3) Trouver un professionnel du droit lui aussi spécialisé dans les entreprises en difficulté :
comme le souligne Benoît Jacob, « nous devons nos meilleures réussites à une collaboration réussie avec le dirigeant, bien sûr, mais aussi avec l’avocat qui accompagne la restructuration par la formalisation et la mise en œuvre du cadre juridique adapté à la situation rencontrée et au plan projeté ».
François Klein, du cabinet KGA Avocats, ajoute à cela : « quand une entreprise fait appel à nous, elle est souvent orientée par son expert-comptable.

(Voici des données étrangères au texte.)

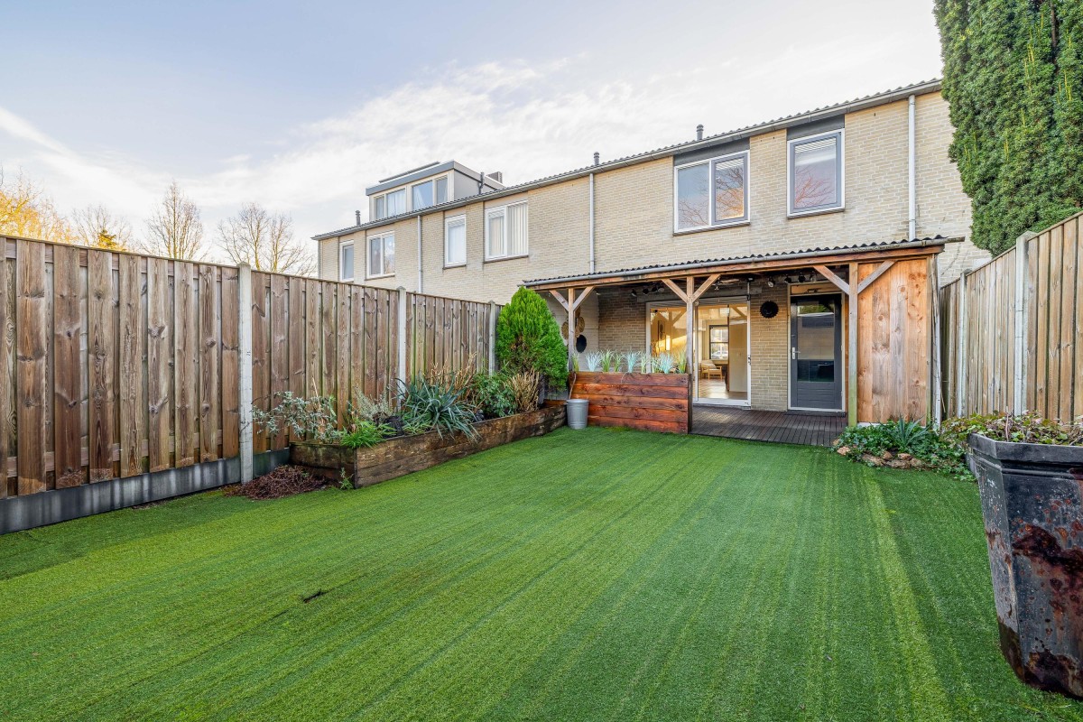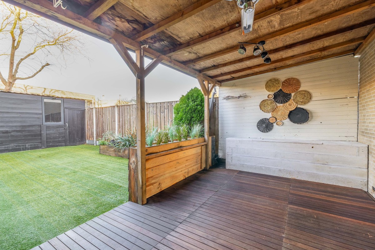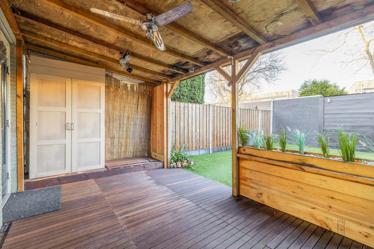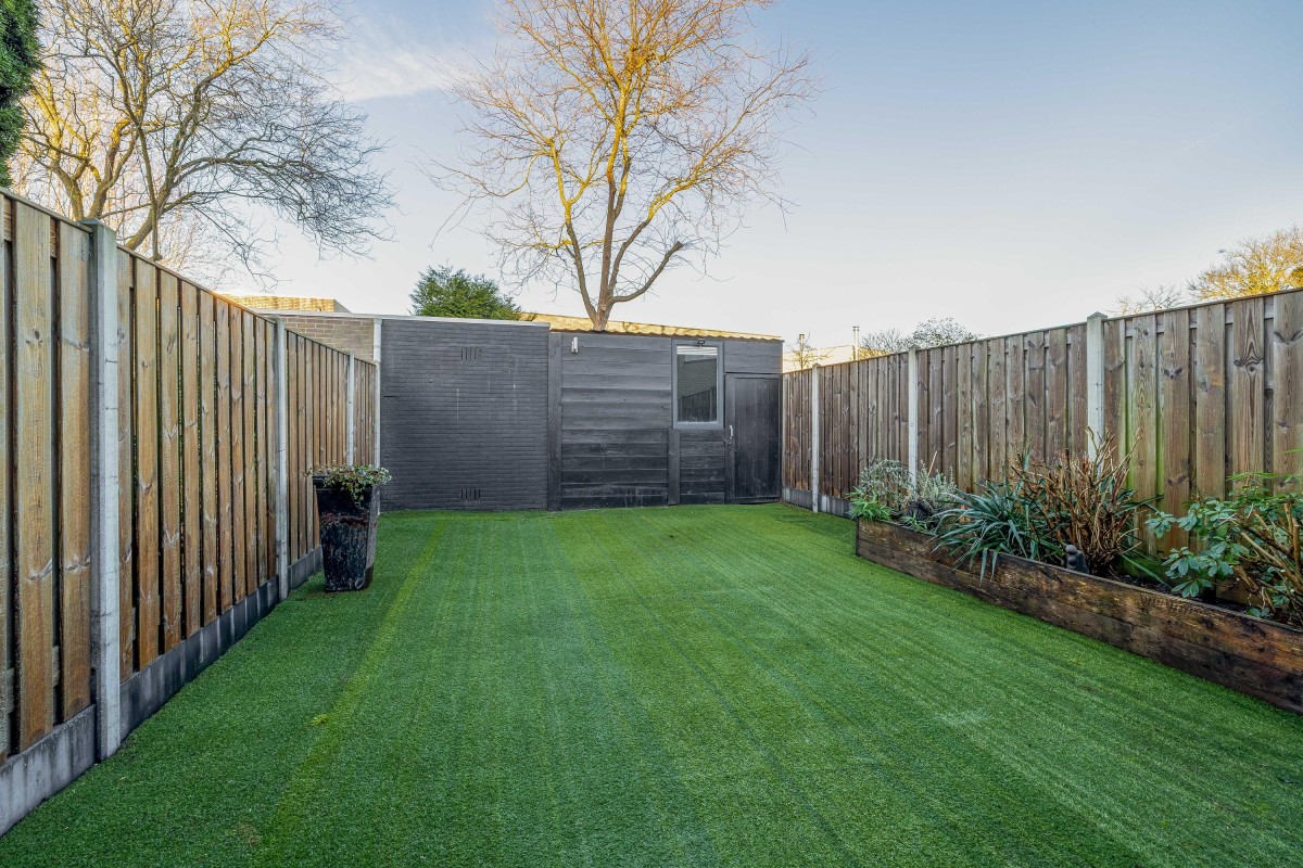 De ruime tuin ligt op het noordoosten en beschikt over een terrasoverkapping, een vrijstaande berging en een achterom.
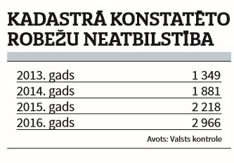 Pārbaudot sūdzības par mērnieku darbu kvalitāti, secināts, ka tās nav bez pamata: 2016. gadā 2966 gadījumos Kadastra datos tika konstatēta robežu neatbilstība. Tas ir divreiz vairāk nekā 2013. gadā, kad šādas neatbilstības tika konstatētas 1349 gadījumos. Valsts zemes dienests mērnieku pieļauto nepilnību dēļ 2016. gadā atteicis reģistrēt 431 jeb 4,5 procentus no visām iesniegtajām kadastrālās uzmērīšanas lietām.
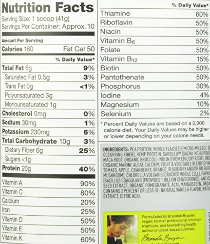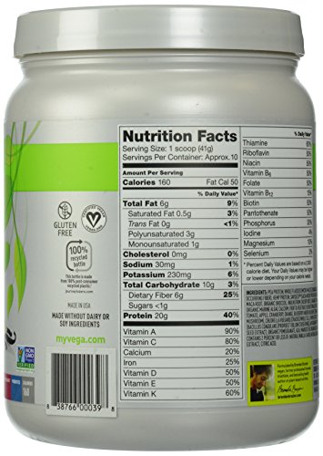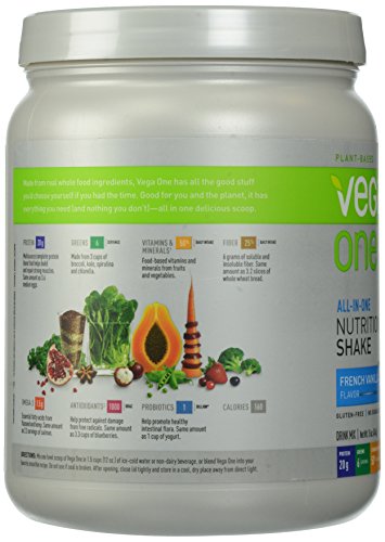 We put the best in so you get the best out. Made from whole food, non-GMO ingredients, Vega One All-in-One Nutritional Shake gives you everything you need-all in one delicious scoop. 20 grams of premium plant-based protein, 6 servings of greens, and 50% daily value of food-based vitamins and minerals made from fruits and vegetables, plus fiber, Omega-3s, antioxidants and probiotics in each serving of Vega One gives you the nutritional confidence to enjoy your full life-no matter how much you pack in. Vega One is Non-GMO Project verified, vegan certified, low-glycemic, gluten-free and made without dairy or soy ingredients. Enjoy Vega One in French Vanilla, Chocolate, Berry, Vanilla Chai or Natural flavors.Feature

Nous l’accompagnons alors sur les mesures à prendre : les procédures éventuelles, la médiation avec les partenaires ( créanciers, actionnaires, clients…), la mise en relation avec un administrateur judiciaire. »
Les acteurs des procédures collectives.
L’administrateur judiciaire est un professionnel de la négociation avec une grande expérience des difficultés de l’entreprise et de l’ensemble des dispositifs de prévention prévus par le législateur.
Il peut être consulté comme expert par le chef d’entreprise pour l’assister dans le cadre d’un besoin spécifique et/ou désigné par le tribunal à l’ouverture d’une procédure qui lui confie une des trois missions suivantes :
• surveiller les opérations de gestion,
• assister le chef d’entreprise pour tous les actes concernant la gestion ou seulement pour certains d’entre eux,
• assurer seul (entièrement ou en partie) l’administration de l’entreprise.
Les administrateurs sont, souligne Gérard Cohen, avocat associé au cabinet Cohen Amir-Aslani, « des professionnels capables d’ accompagner une entreprise en difficulté et de l’aider à se redresser pour autant que le problème soit traité le plus en amont possible ».
Le mandataire judiciaire est désigné par le tribunal comme le représentant des intérêts des créanciers.
Ses missions consistent à recevoir les déclarations de créance, à les vérifier contradictoirement avec le chef d’entreprise, puis à établir un état précis du passif qui est déposé au tribunal. Au cours de la période d’observation, il consulte les créanciers sur les propositions de règlement des créances et transmet le résultat de ces consultations au tribunal.
Jordan Belgrave.
Article initialement publié dans le Journal du Management Juridique n°54.